A classic car drives down Ravena Avenue in search of parking Aug. 16. The homeowners along the block let cruisers park their cars for the day on their front lawns.
From the left, Lily Wienclaw, 8; Amelia Wienclaw, 6; Ally Vesprini, 9; Averi Anderson, 8 and Gianna Vesprini, 7, stand by their lemonade stand Aug. 16. The children of Ravena Avenue have taken advantage of the foot traffic the Woodward Dream cruise generates.

Throughout the last 20 years, the Woodward Dream Cruise has grown into what it is today: 1.5 million car enthusiasts descending on state Route 1 to cruise or to gaze at cars.

For many Royal Oak residents living near Woodward, the annual event can be a headache to avoid. One block of Ravena Avenue, though, has learned to embrace it.

“You have no choice but to embrace it,” Melanie Clark said Aug. 16, the date of this year’s cruise. “It’s fun, and you might as well make money on it.”

Every Dream Cruise and the days leading up to it, the homeowners on the block just west of Woodward Avenue give up their front lawns and charge day rates — $20 — for people looking to park their classic cars. There’s no competition among the households. If one person’s lawn is full, they guide them to one that isn’t.

During the first Dream Cruise, Clark had to learn how to manage the cars, but there were fewer cars back then.

“It was a car here, a car there,” Clark recalled.

As the cruise has grown, the neighborhood residents have become experts at fitting cars on their lawns like a game of Tetris.

“We’re about all the houses that do it,” said Ravena resident Mary Anne Anderson. “Other people, you know, don’t really want to put cars on their lawn.”

And the parking demand isn’t just there for one day.

As Royal Oak residents know, the cruise has grown from one official day to several unofficial days leading up to it.

Clark said that cars began parking on her lawn almost a week before the cruise this year.

“I don’t drive for a week,” Clark said, holding an oval sign with the word “parking” written on it. “I’ve got enough food. I don’t go anywhere.”

The neighbors also play security for the lots.

“I’m out here 9 to 9,” Clark said. “I babysit the cars.”
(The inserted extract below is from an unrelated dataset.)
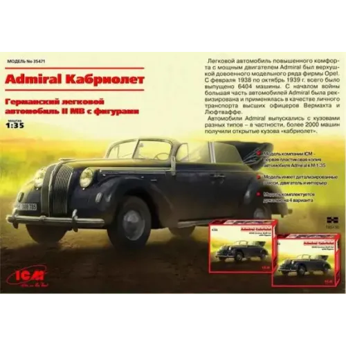 Збірна модель 1/35 Німецький легковий автомобіль Адмірал Кабріолет з фігурами (Друга світова війна) ICM 35471 з доставкою по всій Україні та магазинам Києва та Одеси.

At the opposite end of Ravena, the neighborhood kids take advantage of the foot traffic on their block by setting up a lemonade stand. Proceeds from sales go to Detroit Goodfellows.

Averi Anderson, 8, thought of the idea three years ago while wrapping gifts to be donated to the Goodfellows.
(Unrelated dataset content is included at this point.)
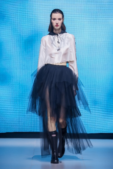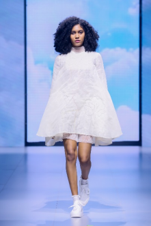 在“童年”主題秀演中,法國設(shè)計師聯(lián)袂浙江懿紗紡織科技有限公司、紹興柯橋豐旺紡織品有限公司,圍繞兒童的藝術(shù)、回到學校、童年的回憶三個子主題,共同演繹了童年的懷舊故事。設(shè)計師以精細的絎縫、印染、明線縫紉及自然著色的效果制作服裝和圖案,在工藝上采用了法國特有的編織技術(shù),并結(jié)合WALTZ系列花紗、三醋酸、錦滌歐根紗、六角硬網(wǎng)等面料輕薄有型、色彩飽滿的特色,最大程度實現(xiàn)了紡織工藝的價值化。特別是在傳統(tǒng)手工藝非遺、生態(tài)環(huán)保材料等系列元素的加持下,為整場秀演增添了可持續(xù)時尚的價值。
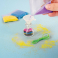 Remplissez ces bouteilles en plastique avec différentes couleurs de lueur dans le sable noir et faites de l’art du sable ! Avec le cordon et les breloques vous pouvez faire des colliers !

“I thought that we should do something for them,” Averi said. “I thought of a lemonade stand so that I could collect money for them. So now, every year, I do a lemonade stand.”
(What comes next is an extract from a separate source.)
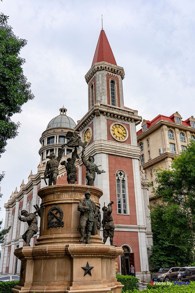 이태리 풍경구를 나와 천진의 또다른 관광지인 고문화 거리로 향하기로 합니다. 고문화 거리도 도보로 약 15분 거리에 위치해 있습니다. 가는 길에 발견한 시계탑과 공산당(?) 스러운 군인 동상입니다. 뭐... 예전 1990년대 우리나라 이곳저곳에 있던 동상같은데 이질적이었습니다. 저한테는.

The first year, she raised $100 for the Goodfellows, an organization that provides gifts for children in need at Christmas. As of midday Aug. 16, Averi and her friends had raised $150.

The block is at the epicenter of the cruise, intersecting with Woodward between 13 Mile and Normandy roads.

“This was the heart,” Shad Garner, a 51-year-old who now lives in the home where he grew up, said of the cruise’s first year. “And it has stayed that way.”

But too much of anything can be bad.

Garner said people begin cruising as soon as the weather warms up in April.

“Ask me how many times I walked up and down Woodward this year,” he said, then formed a zero with his fingers and thumb. “Because I see it everyday.”

Of course, who needs to walk to Woodward when living on a block where the cars gather anyhow? All Garner needs to do is sit in his yard and he and the rest of Ravena get a show.

“I can sit right here and watch cars up and down,” he said.